🤖 AI Summary
To address the theoretical inefficiency, limited parallelism, and performance bottlenecks of k-core decomposition on large-scale graphs, this paper proposes the first general-purpose framework achieving both asymptotically optimal work complexity and high practical parallelism. Our method integrates parallel algorithm design, adaptive sampling, dynamic granularity control, and shared-memory optimizations. Key contributions include: (1) a novel sampling-based contention mitigation mechanism that reduces competition among high-degree vertices; (2) vertically granular dynamic scheduling, substantially lowering scheduling overhead; and (3) a hierarchical bucket structure enabling efficient processing of high-core-value graphs.

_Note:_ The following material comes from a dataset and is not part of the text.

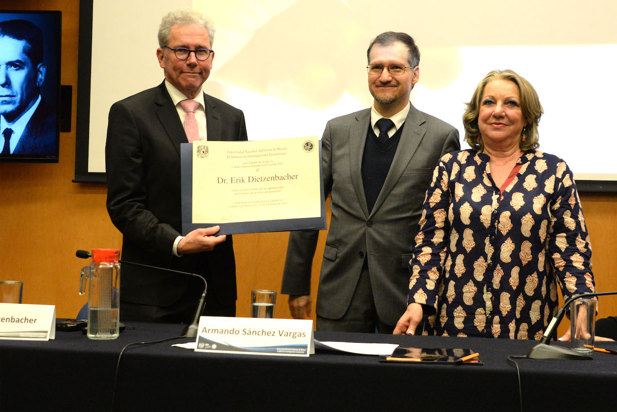 Erik Dietzenbacher, catedrático de la Universidad de Groeningen, prosiguió, tiene una obra que disipa una serie de cuestiones fundamentales del nuevo milenio. “Por ello, hoy la UNAM, a través del IIEc, rinde un merecido reconocimiento al otorgarle la Cátedra Ricardo Torres Gaitán a un intelectual que ha entregado cuerpo, mente y alma a la disciplina económica”, aseveró.

Evaluated on a 96-core server across 25 real-world graphs, our framework outperforms state-of-the-art methods—including ParK, PKC, and Julienne—on 23 datasets, achieving up to 315× speedup. The framework thus bridges the gap between theoretical optimality and empirical scalability in parallel k-core decomposition.
📝 Abstract
This paper proposes efficient solutions for $k$-core decomposition with high parallelism. The problem of $k$-core decomposition is fundamental in graph analysis and has applications across various domains. However, existing algorithms face significant challenges in achieving work-efficiency in theory and/or high parallelism in practice, and suffer from various performance bottlenecks. We present a simple, work-efficient parallel framework for $k$-core decomposition that is easy to implement and adaptable to various strategies for improving work-efficiency. We introduce two techniques to enhance parallelism: a sampling scheme to reduce contention on high-degree vertices, and vertical granularity control (VGC) to mitigate scheduling overhead for low-degree vertices. Furthermore, we design a hierarchical bucket structure to optimize performance for graphs with high coreness values. We evaluate our algorithm on a diverse set of real-world and synthetic graphs. Compared to state-of-the-art parallel algorithms, including ParK, PKC, and Julienne, our approach demonstrates superior performance on 23 out of 25 graphs when tested on a 96-core machine. Our algorithm shows speedups of up to 315$ imes$ over ParK, 33.4$ imes$ over PKC, and 52.5$ imes$ over Julienne.